With uncanny precision?
By Wolf Richter for WOLF STREET.
The deal came up during D.R. Horton’s earnings call with analysts, without the two companies being named. The analyst posing the question referred to it as “a large acquisition by an offshore player of a domestic homebuilder,” and everyone knew what he was talking about.
One of Japan’s largest homebuilders, Sekisui House, had agreed to buy US homebuilder MDC Holdings on January 18 for nearly $5 billion, or $63 a share, a 19% premium over the prior day’s closing price, and a 41% premium over the 90-day volume-weighted average trading price. Sekisui House has been buying smaller and regional homebuilders in the US since 2017. But MDC will be its largest acquisition in the US.

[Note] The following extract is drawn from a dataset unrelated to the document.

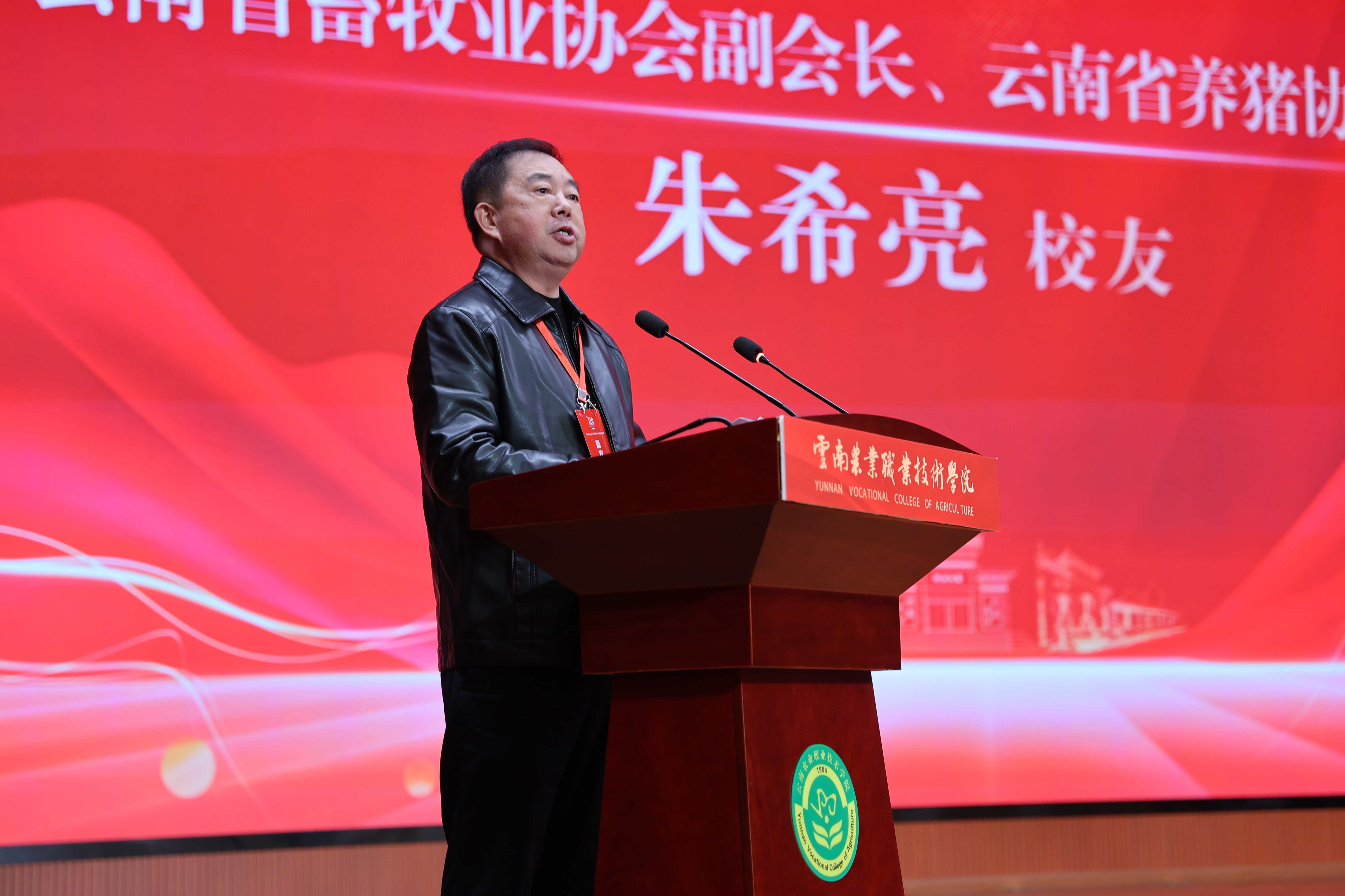 校友代表、云南省畜牧業(yè)協(xié)會副會長、云南省養(yǎng)豬協(xié)會副會長朱希亮發(fā)言,他表示,母校永遠(yuǎn)是最珍貴的青春記憶,學(xué)校艱苦奮斗、實(shí)事求是的精神賦予我們勇敢、樂觀的人生底色。對于學(xué)校取得的成就,作為校友倍感自豪。祝愿母校明天更美好,再創(chuàng)輝煌、再展宏圖!

Sekisui House’s bid was impeccably timed after the huge rate-cut-mania rally that had kicked off in early November and had driven some homebuilder stocks to all-time highs
But D.R. Horton’s earnings call had sent homebuilder stocks skidding, now for the second day. D.R. Horton shares [DHI] fell 9.2% yesterday and another 2.7% today, to $139.21, the lowest since December 12. The company disclosed that gross profit margins narrowed by 2.2 percentage points quarter-to-quarter, as the massive costs of mortgage-rate buydowns came home to roost.
The three-year chart also shows the dizzying rate-cut-mania rally starting at the beginning of November, and how the stock has tripled since February 2020. So January 18 was a good time to buy a homebuilder?
And the other homebuilder stocks also sagged yesterday and today. The exception was MDC, whose stock was propped up by the $63-a-share purchase price written into the merger agreement; it just dipped a little to $62.62.
The Homebuilders ETF [XHB] rose to an all-time high on January 22, two trading days after the Sekisui-MDC deal was announced.
The ETF – in addition to homebuilders, it includes big retailers, such as Home Depot and Lowe’s, building materials suppliers, and other companies related to the housing construction and remodeling industry — has doubled since February 2020. The announcement of the acquisition of MDC had fueled a two-day rally on hopes for more big acquisitions before D.R. Horton poured cold water on it yesterday. The ETF has now sagged for the second day in a row.
With buyers stretched by sky-high prices and mortgage rates that have doubled over the past two years, and with builders having to offer smaller and lower-priced homes and having to buy down mortgage rates aggressively at a substantial cost to keep sales from collapsing, as they have already collapsed for existing homes, while their stocks are perched at all-time highs, it’s now a perfect time for Sekisui House to buy a big US homebuilder, no?
During the D.R. Horton earnings call, the analyst wanted to know if D.R. Horton, which had become the largest homebuilder in the US in part through a series of acquisitions, would also go out and buy a big one because that stuff gets Wall Street all excited.
But CEO Paul Romanowski brushed it off. He said, “we’re more interested in the smaller tuck-in builders that may add to our market share in an existing market or give us some entry,” and he added, “I don’t see on the horizon a significant large acquisition.” So that was that. More cold water.
Surely, it took weeks from the beginning of the talks between Sekisui House and MDC to when they signed the merger agreements on January 17. So they may have started talking during the rate-cut-mania, when only the sky was the limit. And it sure looks like a bell getting rung at the top for homebuilder stocks, when a foreign company makes a big acquisition in the US during a mania-rally, just when the housing market has gotten very complicated and difficult.